The week one of your best friends finds him on Facebook and links you his profile is the week he touches you for the first time. A hand on the small of your back to steady you burns to the bone. That week – seemingly by chance – you find out it is against company policy to actively engage patrons via social media. You stalk him anyway…only once. Your conversations are deeper and more frequent than ever. Every time he looks at you, you feel beautiful. You wish there was some way to thank him for this.

The following week you learn he is returning to school. Just as it feels like your heart is going to crack, he assures you – nine times – that this is temporary: he’ll be back by the new year full-time, and he’ll still be in sporadically before then. He repeats the same sentiment on this last day, proclaiming he’ll see you the minute winter break begins. That night, you go home and add him on Facebook, expecting nothing – it could cost him his job – but hoping desperately.

He accepts you on Wednesday afternoon, two minutes before three o’clock.

In the lull, things are blurry. By that Friday you already miss the sound of his voice, his insights. After less than three months you miss him more than others you’ve known for years. You fight the urge to wall up when the sight of a photo is enough to make your heart jump. You struggle to hold onto your memories without turning him into somebody else. You try not to project into the future, although you can’t forget the way his hand on your back felt, and you wonder, sometimes, if he’d let you touch him

But above all, you are grateful. Because, if anything, he helped your heart heal from a pain you though you might never recover from.
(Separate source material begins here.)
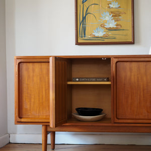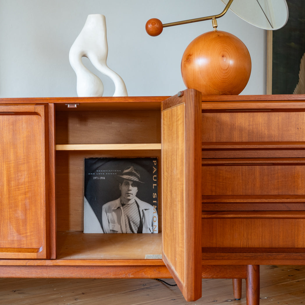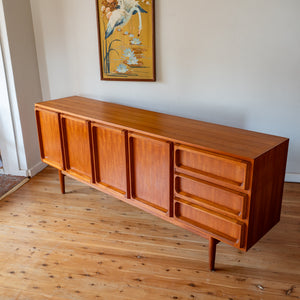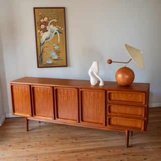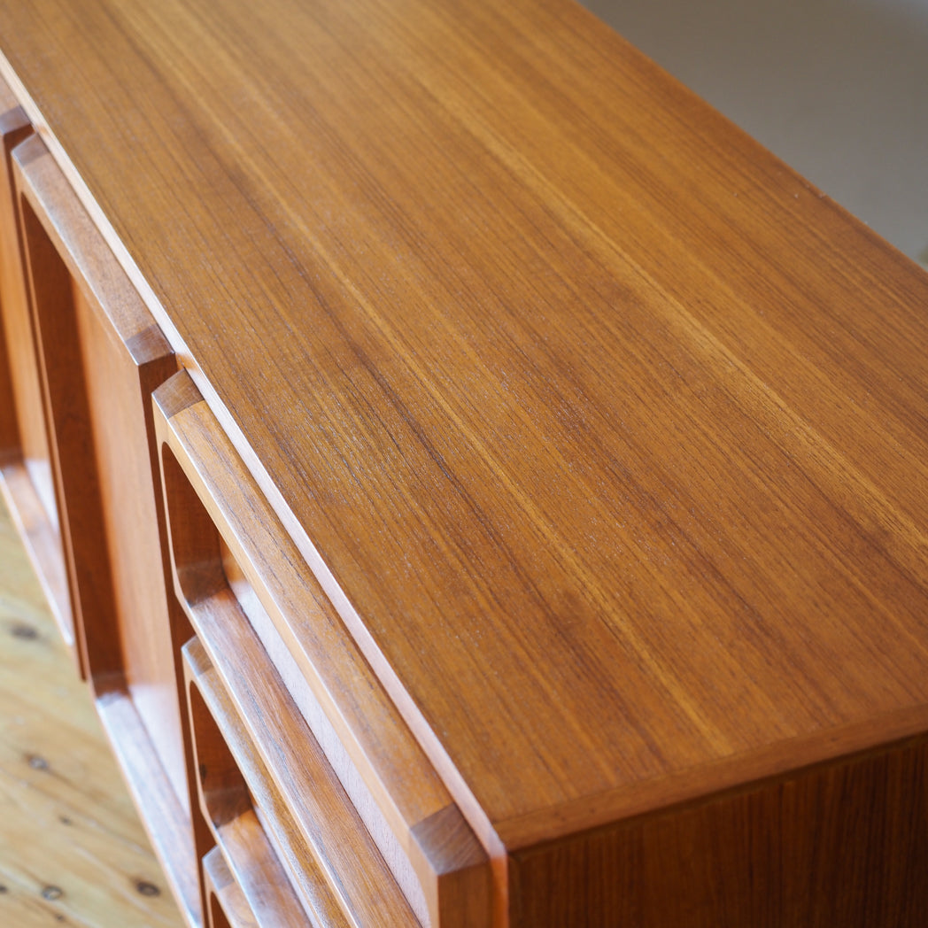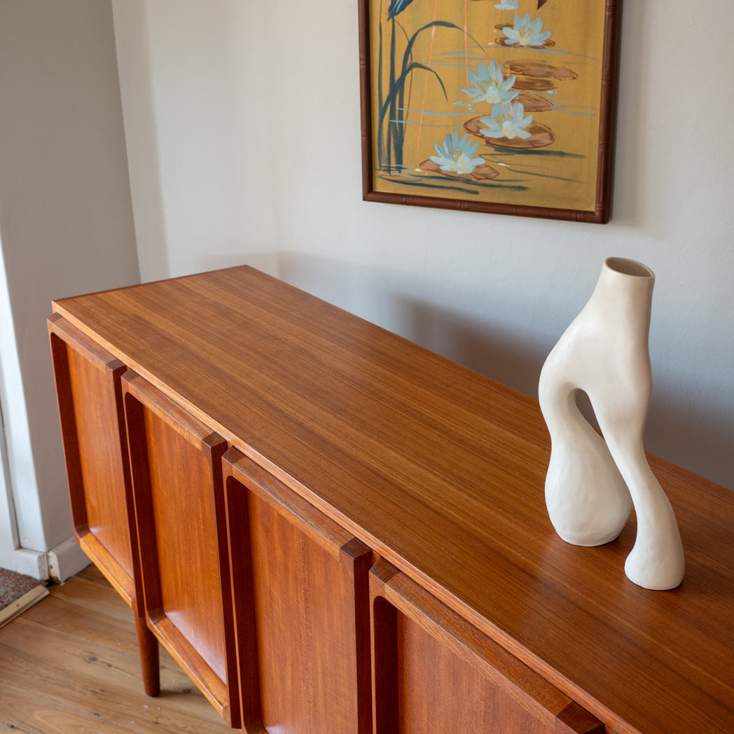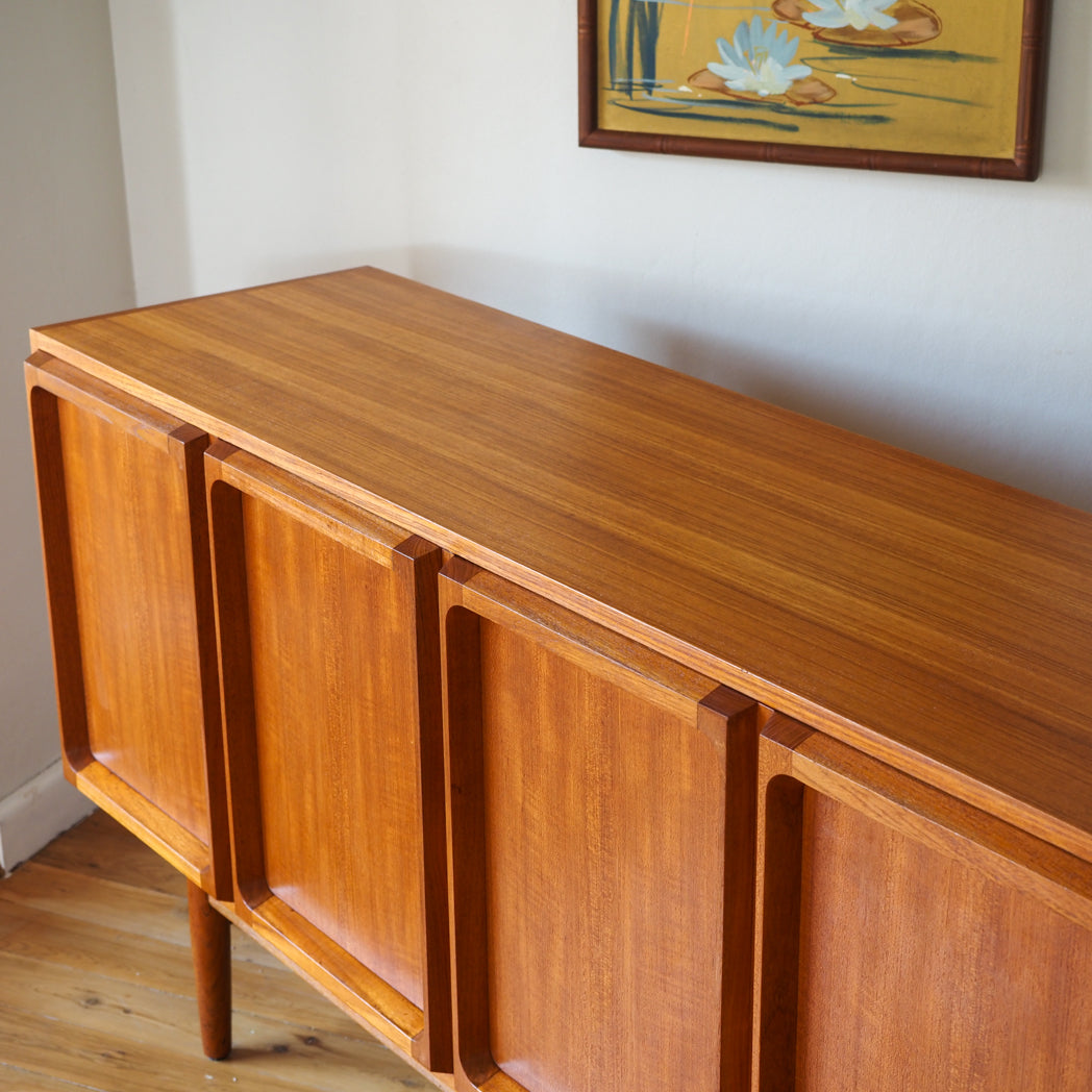 A beautifully balanced example from Chiswell’s sought-after Koben range, crafted in the late 1960s. This generous sideboard features four panelled doors and three drawers, each framed in solid blackwood with a raised lip that highlights the uniform golden teak across the fronts.

He showed you new aspects of what you want in a man. He made you feel beautiful simply by being you. Because he noticed when you were down and asked if you were okay. Because he showed you some wonderful books. Because he helped to reawaken your courage. And, because you’ve heard that the Universe never uses one without providing for them, too, you realize that you have also given him many gifts. And that’s generally amazing.

(Deep down, you know: when you silence the fear and ask for the truth, you hear this is the start of something beautiful.)